Additionally, Matt R. Garrison has been appointed by the Board to serve as Vice President and Chief Operating Officer, also effective June 1, 2020. Mr. Garrison currently serves as the Company’s Vice President of Geosciences, a position he has held since 2016. In addition to being responsible for the geologic oversight of the Company’s drilling activity, Mr. Garrison was a key figure in the delineation and development of the Third Bone Spring Sand in Reeves County, Texas, as well as the strategic entry into Lea County, New Mexico. Prior to joining Centennial, Mr. Garrison spent nine years at EOG Resources, Inc. (“EOG”), most recently as Exploration Manager in the Midland Division where he was focused on the exploration and development of the Avalon, Bone Spring and Wolfcamp plays across the Delaware Basin. Mr. Garrison began his career in 2007 at EOG’s Fort Worth Division, where he focused on the horizontal development of the Barnett Shale. Mr. Garrison received his B.S. in Geology from Texas A&M University and his M.S. in Geology from Oklahoma State University.
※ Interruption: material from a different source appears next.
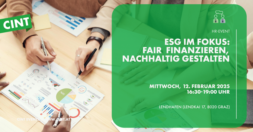Diversität und Gleichstellung sind nicht nur gesellschaftlich relevant, sondern sind zunehmend entscheidend für die finanzielle Zukunftsfähigkeit von Unternehmen. Wie können Unternehmen nachhaltig wirtschaften und dabei ökologische, soziale sowie ethische Verantwortung übernehmen? Welche Rolle spielt ESG für die langfristige Unternehmensstrategie und wie beeinflusst dies die Kreditvergabe? Das von CINT – Club International veranstaltete HR-Event “ESG im Fokus: Fair finanzieren, nachhaltig gestalten“ gibt Ihnen darüber Aufschluss:

Annual Report on Form 10-K
Centennial’s financial statements and related footnotes will be available in its Annual Report on Form 10-K for the year ended December 31, 2019, which is expected be filed with the U.S. Securities and Exchange Commission (“SEC”) on February 24, 2020.
Conference Call and Webcast
Centennial will host an investor conference call on Tuesday, February 25, 2020 at 8:00 a.m. Mountain (10:00 a.m. Eastern) to discuss fourth quarter and full year 2019 operating and financial results. Interested parties may join the webcast by visiting Centennial’s website at www.cdevinc.com and clicking on the webcast link or by dialing (800) 789-3525, or (442) 268-1041 for international calls, (Conference ID: 7679910) at least 15 minutes prior to the start of the call. A replay of the call will be available on Centennial’s website or by phone at (855) 859-2056 (Conference ID: 7679910) for a 14-day period following the call.
About Centennial Resource Development, Inc.
Centennial Resource Development, Inc. is an independent oil and natural gas company focused on the development of unconventional oil and associated liquids-rich natural gas reserves in the Permian Basin. The Company’s assets and operations, which are held and conducted through Centennial Resource Production, LLC, are concentrated in the Delaware Basin, a sub-basin of the Permian Basin. For additional information about the Company, please visit www.cdevinc.com.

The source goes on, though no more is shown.